Coalition in the Broader Political and Economic Context
It is important to note the broader political and economic situation in Canada leading up to the signing of this out-of-the-ordinary agreement.
Since 2004, the federal parliament has been in a perpetual state of minority governments, an interesting paradox in Canadian politics. Minority governments tend not to be viewed as positive or good for the long term — particularly from the perspective of Canada’s major political parties, which tend to look beyond minority governments to winning majorities and defeating governments. This tendency lends itself to a very hostile situation in Parliament, in which political parties view one another not as partners for cooperative governance, but as staunch competitors for political power that will attempt to create and exploit weaknesses in their opponents in order to win the ultimate prize of majority government.
Writing in mid-December 2008, it’s fair to say that concern over the Canadian and global economies increased considerably beginning in September 2008 — both with Canada’s leadership, and abroad.
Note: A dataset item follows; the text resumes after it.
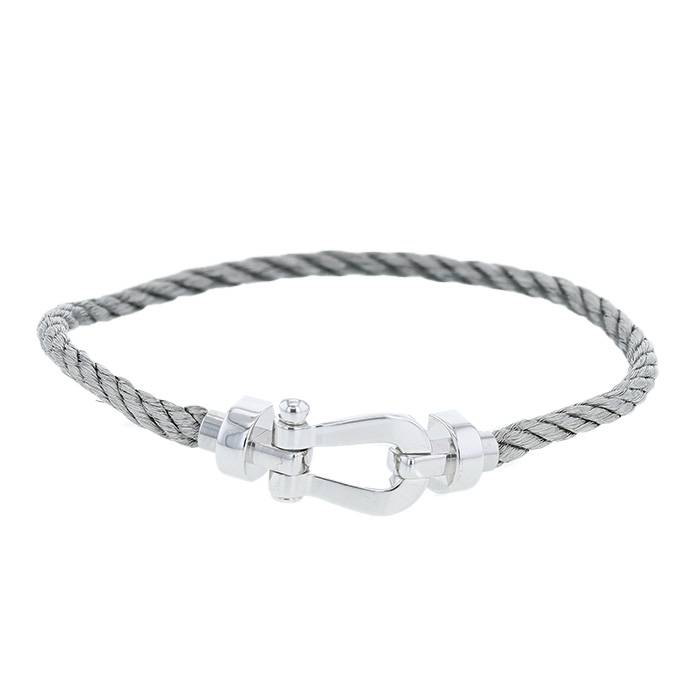 Intemporal brazalete Fred Force 10 modelo mediano de oro blanco y acero, en el cual figura una elegante grillete geométrico de oro blanco, realzado de un cable retorcido de acero.

Of considerable worry has been the unfolding economic downturn in the United States, Canada’s largest trading partner, which officially entered into a recession, and the potential impact of said developments on the manufacturing sectors of central Canada and resource sectors in Western Canada. This, in turn, has made the economy a central issue in Canadian politics, and a key area of government public policy.
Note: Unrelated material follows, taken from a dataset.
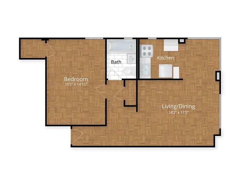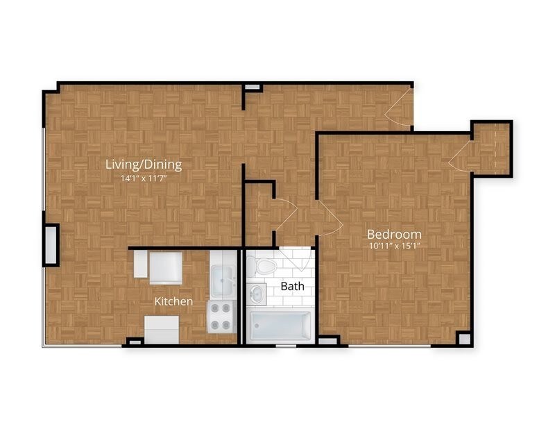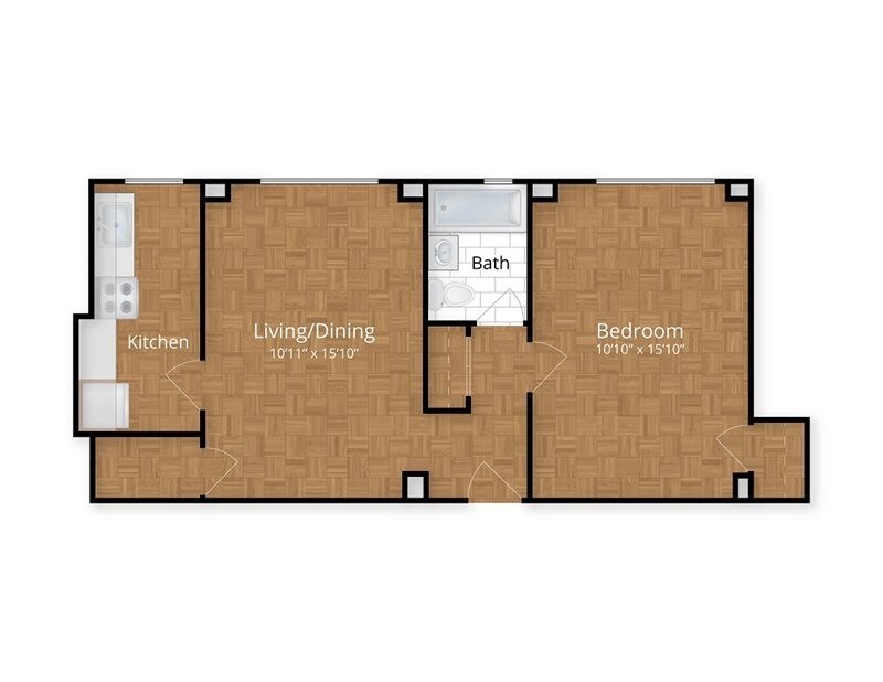 Studio, 1 Bath, 320-535 sq ftAvailable NowModel Gallery

The Conservative Government’s November Economic Update
Within these broader political and economic contexts, the catalyst for the coalition agreement was the Conservative minority government’s economic and fiscal update, which it released on November 27, 2008. Titled Protecting Canada’s Future, the update outlined the Conservative government’s short-term strategy for dealing with the economic slowdown and projected drops in government revenue.
Within the economic and fiscal update, three policy initiatives, in particular, were deemed unacceptable by the opposition parties. First, the Conservative government elected not to introduce any new spending measures to stimulate the economy, choosing instead to rely on past tax reductions and infrastructure spending programs. Citing the soundness of Canada’s financial institutions and the relatively strong financial positions of Canadian households, corporations, and governments, the Conservative government argued these tenets of Canada’s economy were sufficient to ensure the economy remained stable. The Liberals, New Democrats, and Bloc Québécois rejected this premise, arguing the Conservatives had failed to appreciate the severity of the economic slowdown. Moreover, they asserted the federal government should implement an aggressive economic stimulus package, which would include broad new spending measures to encourage employment and economic activity.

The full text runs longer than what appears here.